[Data records]

*** Block opens ***

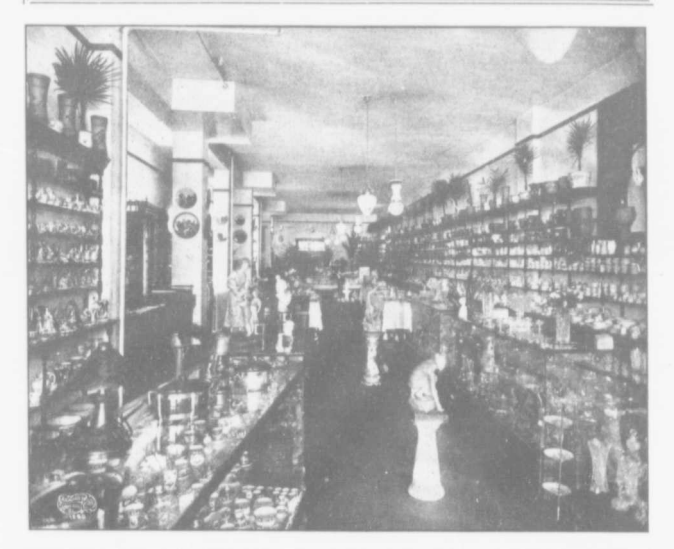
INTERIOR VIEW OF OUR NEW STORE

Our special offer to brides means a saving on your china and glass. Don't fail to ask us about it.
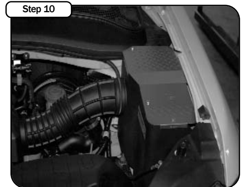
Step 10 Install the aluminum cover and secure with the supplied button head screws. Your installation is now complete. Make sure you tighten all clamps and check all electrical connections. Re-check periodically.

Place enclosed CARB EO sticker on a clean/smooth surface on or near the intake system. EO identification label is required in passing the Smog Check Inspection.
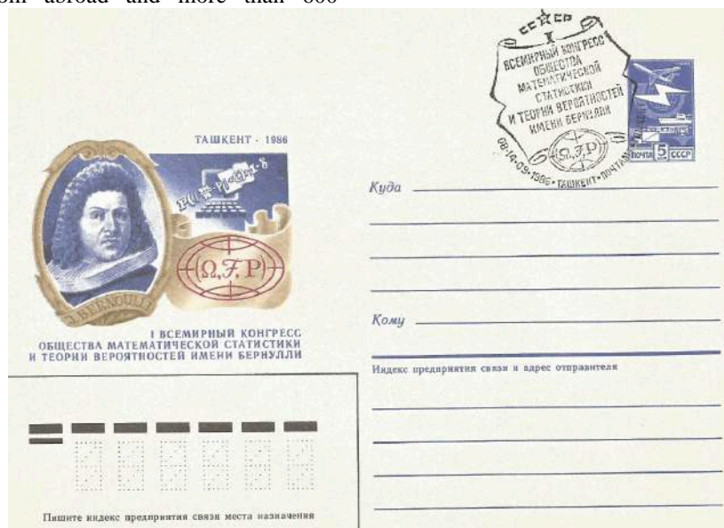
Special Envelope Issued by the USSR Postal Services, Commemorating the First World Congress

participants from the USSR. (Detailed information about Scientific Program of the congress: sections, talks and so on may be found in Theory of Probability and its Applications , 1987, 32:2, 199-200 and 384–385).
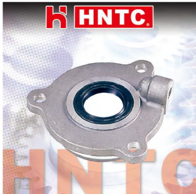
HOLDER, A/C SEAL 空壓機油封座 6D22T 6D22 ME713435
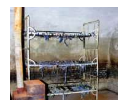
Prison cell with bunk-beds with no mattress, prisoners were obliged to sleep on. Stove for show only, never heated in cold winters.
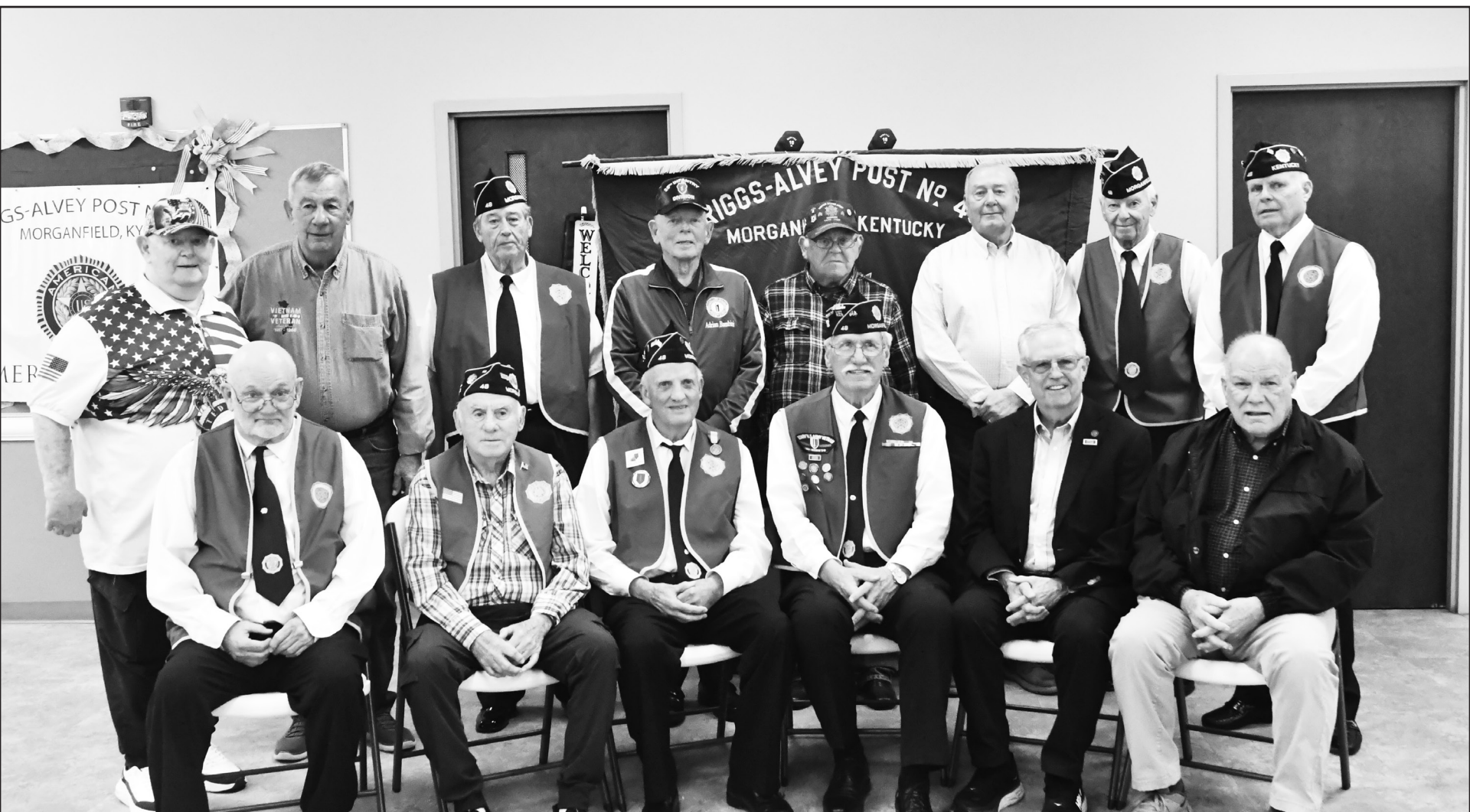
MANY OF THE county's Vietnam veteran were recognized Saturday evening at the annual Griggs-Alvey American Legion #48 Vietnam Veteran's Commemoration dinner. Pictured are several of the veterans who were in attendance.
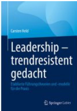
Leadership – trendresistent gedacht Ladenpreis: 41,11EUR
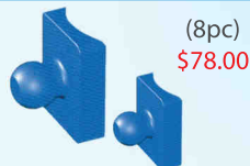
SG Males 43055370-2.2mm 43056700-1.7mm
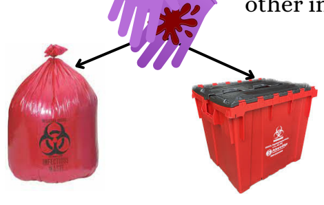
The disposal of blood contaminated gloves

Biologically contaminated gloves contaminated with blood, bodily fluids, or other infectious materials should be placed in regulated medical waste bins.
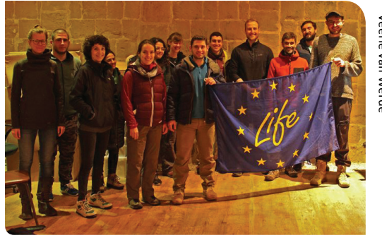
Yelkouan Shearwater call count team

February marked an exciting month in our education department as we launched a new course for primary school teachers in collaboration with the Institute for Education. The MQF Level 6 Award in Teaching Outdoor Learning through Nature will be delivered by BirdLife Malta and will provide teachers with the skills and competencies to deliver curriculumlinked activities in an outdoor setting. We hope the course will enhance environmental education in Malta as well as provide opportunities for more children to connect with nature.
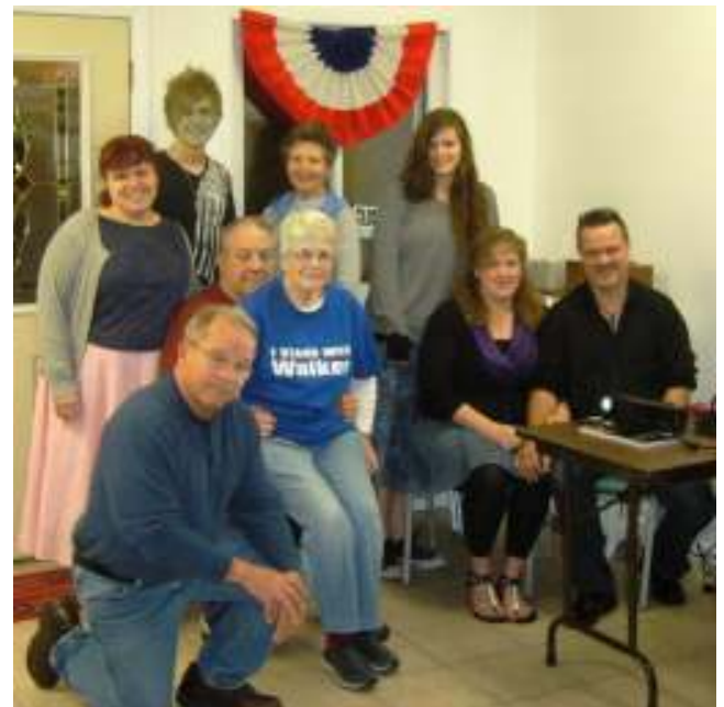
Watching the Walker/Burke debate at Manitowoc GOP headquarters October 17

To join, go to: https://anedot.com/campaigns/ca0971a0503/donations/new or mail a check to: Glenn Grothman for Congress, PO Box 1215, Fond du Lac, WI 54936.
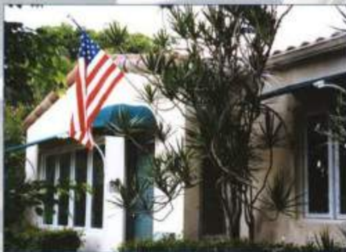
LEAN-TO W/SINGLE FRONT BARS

*** Block closes ***

What to produce: Please copy every line from the entries that includes the word "about".

Exercise response:
Our special offer to brides means a saving on your china and glass. Don't fail to ask us about it.
participants from the USSR. (Detailed information about Scientific Program of the congress: sections, talks and so on may be found in Theory of Probability and its Applications , 1987, 32:2, 199-200 and 384–385).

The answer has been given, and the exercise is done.